A few phylogenetic analyses of SVA clustering based on locations were conducted previously, yet there is still a lack of a well-systematic assortment of SVA. Additionally, the global dispersal of SVA and its origins remain still unclear. The Bayesian systematic dynamics and systematic geographics are powerful approaches for the analysis of RNA virus evolution and transmission process (Drummond et al., 2005; Drummond and Suchard, 2008; Victoria et al., 2009; Shi et al., 2010; Jin et al., 2014). Thus, in this study, the ORF sequences of SVA strains from field specimens collected by our lab and those obtained from the National Center for Biotechnology Information (NCBI) GenBank database were compiled for the purpose of a systematic SVA classification. Furthermore, the origins, transmission routes, and phylodynamics of SVA worldwide were explored with the assistance of the Bayesian dynamic and phylogeographic frameworks, to provide a more comprehensive understanding of SVA epidemiology worldwide.

Materials and methods

Ethics statement

All experimental protocols processed in this study were established in accordance with the guidelines of the Institutional Animal Care and Use Committee (IACUC, SCAU-AEC-2022A010) and approved by the Animal Ethics Committee of South China Agricultural University.

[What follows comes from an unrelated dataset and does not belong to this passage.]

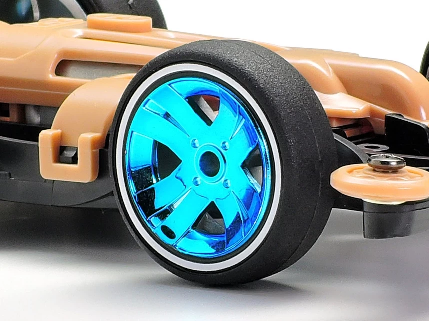 The MA (Midship AERO) Chassis has its motor in the center, and features a design which focuses upon achieving outstanding aerodynamic performance. It has a gear ratio of 3.5:1, 6 individual low-friction rollers, a rear skid bar and other speedy features developed thanks to years of design experience. The single-piece monocoque frame also guarantees that assembling and keeping the car well-maintained is a task that can be performed by beginners and veteran racers alike.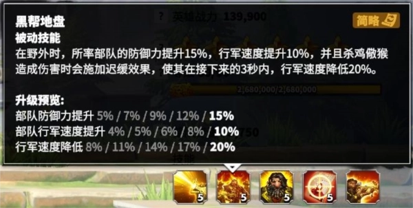 增加所率部队的防御力和行军速度,主动技能造成伤害时还会施加减速效果。偏向防御和增加部队拉扯能力的技能,效果不错但对输出影响不大,可以不优先升级。

Sample collection and sequencing

SVA isolation was carried out with BHK-21 cell line (stored in our lab) using Dulbecco‘s modified eagle medium (Gibco, #C11995-500CP) with 2% fetal bovine serum (Biological Industries, 04-001-1ACS) and 1% Penicillin-Streptomycin (New Cell and Molecular Biotech Co., Ltd. #C100C5) (Liu et al., 2019). Ten distinct SVA strains were successfully isolated from field samples, including from vesicular liquid and lymph nodes obtained from suspected SVA-positive pigs (Table 1). Samples were collected from 574 specimens collected from 2018 to 2021 and were processed for RNA extraction with RNAzol (Molecular Research Center, United States). Complementary DNA of SVA was acquired by reverse transcription (StarScript II MMLV, GeneStar, Beijing, China) and was amplified with polymerase chain reaction (PCR) with three pairs of self-designed primers (Table 2). The PCR amplicons were cloned into the empty pMD-18T vector followed by sequencing. All nucleotide acid and amino acid sequences were aligned, and the similarities were analyzed with MegAlign (DNAStar v7.0) (Table 3).

TABLE 1

Information on the 10 lab-isolated SVA strains.

Name	Sample	Location and time
SVA/China/HeN/09/2018	Vesicular liquid	Henan, Sep 2018
SVA/China/GD-HZ1/26/3/2020	Lymph nodes	Guangdong, Mar 2020
SVA/China/GD-HZ2/26/3/2020	Lymph nodes	Guangdong, Mar 2020
SVA/China/GD-SG1/27/3/2020	Lymph nodes	Guangdong, Mar 2020
SVA/China/GD-ZQ/1/4/2020	Lymph nodes	Guangdong, Apr 2020
SVA/China/GD-SG2/27/3/2020	Lymph nodes	Guangdong, Sep 2020
SVA/China/GD-SG3/2/9/2020	Lymph nodes	Guangdong, Sep 2020
SVA/China/GD-SG4/2/9/2020	Lymph nodes	Guangdong, Sep 2020
SVA/China/GD-SG5/2/9/2020	Lymph nodes	Guangdong, Sep 2020
SVA/China/GD-SG6/2/9/2020	Lymph nodes	Guangdong, Sep 2020
SVA/China/GD-SG7/2/9/2020	Lymph nodes	Guangdong, Sep 2020
SVA/China/GD-GZ/09/12/21	Lymph nodes	Guangdong, Dec 2021
SVA/China/GD/12/21	Lymph nodes	Guangdong, Dec 2021

TABLE 2

Primers for full-length SVA sequencing.

Primers	Primer sequence (5′-3′)	Length (bp)
SVA-1-F	TTTGAAATGGGGGGCTGG	2,696
SVA-1-R	GTCRGTGGAGTGGAACA
SVA-2-F	CCCCTAYATCTCGCCCAG	2,738
SVA-2-R	AGCCCATGTCCACGTTGGG
SVA-3-F	GGTCTTGCCCTAGCTGCGGT	2,270
SVA-3-R	GRGTTCTCCCAGAATCGC

TABLE 3

Sequence identities (%) of different SVA clades.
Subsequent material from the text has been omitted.